Reputation: 5075
I am trying to create one to one relationship between Branch to BranchEmployee and Employee to BranchEmployee. Whole idea is to separate employee data who is working in a branch. I am using SQL Server Management Studio but I am struggling with this. In BranchEmployee the BranchID and UserID combine together to be primary key for table.
Many Thanks
Screen shot is as below
Upvotes: 2
Views: 1954
Reputation: 27852
More than likely, you actually have a 1:N relationship or a M:N relationship.
If a user can work for exactly ONE and ONLY ONLY Branch (1:N), then you can either put a BranchID(FK) in the Employee table, or use the 'extra' BranchEmployee(Link) table...provided you put a unique constraint on (BranchID, UserId) on the BranchEmployee(Link) table.

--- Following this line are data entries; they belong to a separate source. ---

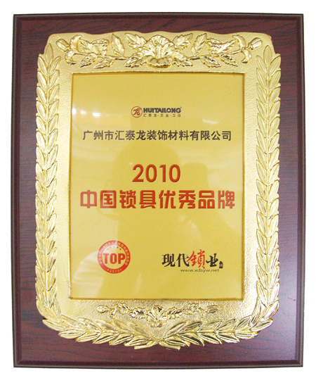 在“中國鎖具行業(yè)優(yōu)秀品牌推薦網(wǎng)絡(luò)評(píng)選”活動(dòng)中,匯泰龍榮獲“2010年中國鎖具優(yōu)秀品牌”的稱號(hào),并獲證書。
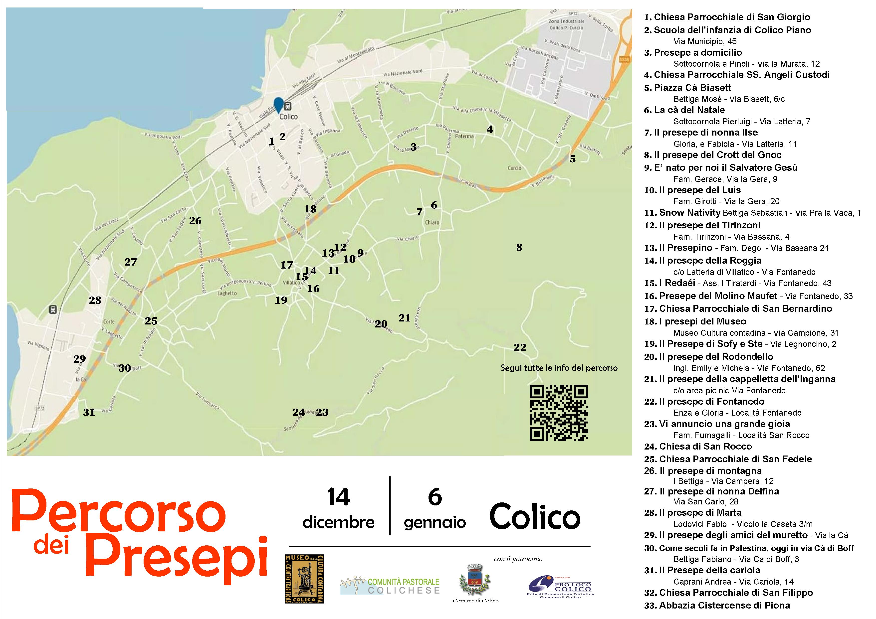 Dal 14 dicembre 2025 al 6 gennaio 2026 torna a Colico il tradizionale Percorso dei Presepi: un itinerario suggestivo tra le vie e gli angoli caratteristici del paese e delle sue frazioni, dove presepi artigianali di ogni forma e dimensione raccontano a grandi e piccini la magia del Natale.
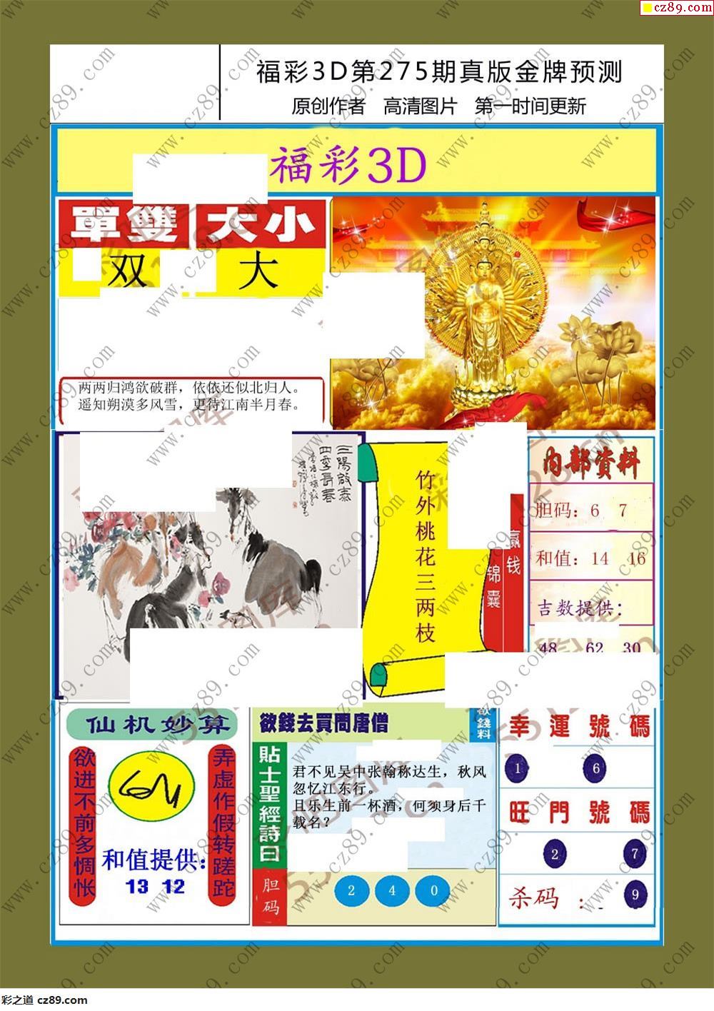 > 25年275福彩3d真版金牌预测彩报

Most will prefer to put the BranchID(FK) in the Employee table, because that is less tables.
However, let's say you wanted to isolate that data, AND put some metadata about that relationship. Say "Employee Started At The Branch On This Date", aka EmployeeBranchStartDate.
Then the extra table makes a little more sense. Notice I said "a little".
BranchEmployee(Link) (Table)
-----------
BranchEmployeeLinkSurrogateKey
BranchId (FK)
UserId (FK)
EmployeeBranchStartDate (datetime)
(unique on BranchId, UserId)
Personally, I would go with the BranchEmployee(Link) now. Because if there is a pretty good chance that I might need an Employee to work at 2 branches (which would change the relationship to M:N), then I don't have to redesign everything. I can simply remove the (unique on BranchId, UserId) constraint. Aka, a little preventative design to save alot of heartache later.
Upvotes: 0
Reputation: 8942
Why even do this ? You can directly add the foreign key to the branch in the Employee
table. This removes an extra table and makes your schema simpler. The only case I see that would make your design ok is if each employee either always moves from branch to branch or is attached to multiple branches but both scenarios seem unlikely, especially since you say you want to model a 1-1 relationship and not an N-N relationship.
Long story short, drop that BranchEmployees table.